Interlaced video is the format most commonly used for television. A frame is made up of two fields, even and odd, also called top field and bottom field, which respectively represent the odd and even lines of the image. Since the top field and the bottom field are acquired at two different instants, certain images of a sequence present interlacing artifacts due to a motion between the two acquisitions.
To better support this format, the MPEG 4 or H.264 standard can be used to code an image according to three different modes: “frame”, “field”, “MBAFF” (acronym for “Macro Block Adaptive Field Frame”). In frame mode, the interlaced image is coded as it is, and in field mode, the two fields are coded separately. The MBAFF mode can be used in addition to the frame mode to enhance this mode by making it possible to locally separate the fields of the image, this mode, also called frame+MBAFF, making it possible to code groups of macroblocks of the frame in field mode.

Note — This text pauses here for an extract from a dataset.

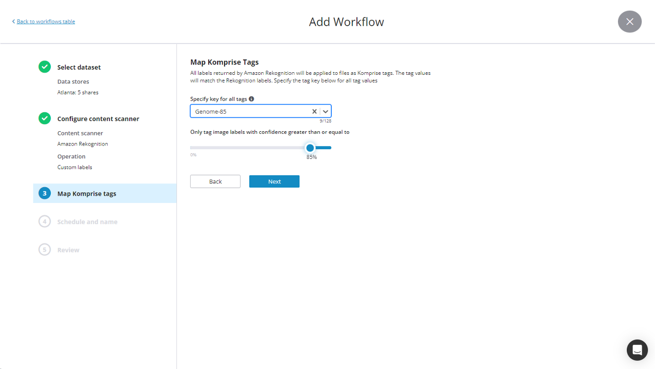 - Komprise automatically executes the workflow on the prescribed schedule and spins up the AI service only when new data needs to be processed which eliminates unnecessary AI costs;

Hereinafter, a block made up of lines of a single field will be called field block, a block made up alternately of an even field line and an odd field line will be called frame block. A block of coefficients calculated by discrete cosine transformation of a block of field, respectively frame, residues will be called field DCT block, respectively frame DCT block, obtained by field DCT coding, respectively frame DCT coding.
Thus, as mentioned in section 6.1.3 of the MPEG2 standard, document ISO/IEC 13818-2: 1996, entitled Macrobloc, in the frames, for which the DCT coding can be used to form images both with two fields and with one field, the internal organization of the macroblock is different according to the image type:
In the case of single-field images, each contains only the lines obtained from one of the two fields. In this case, each block of a macroblock is made up of lines extracted from the succession of the lines of the image.
In the figures, the shaded lines correspond to a first field or top field and the unshaded lines to a second field or bottom field.
The DCT transform is performed on macroblocks of 4×4 pixels making up these macroblocks or this supermacroblock.
The MPEG2 standard allows a prediction between fields, of the same parity or of opposite parity, or between frames, and, for the prediction between frames, a DCT coding of blocks of 8×8 frame residues or of blocks of 8×8 field residues, after rearrangement of the macroblock. The MPEG4 standard dictates, for the DCT coding of the blocks of residues of a macroblock, the same mode, field or frame, as that used for the prediction of this macroblock.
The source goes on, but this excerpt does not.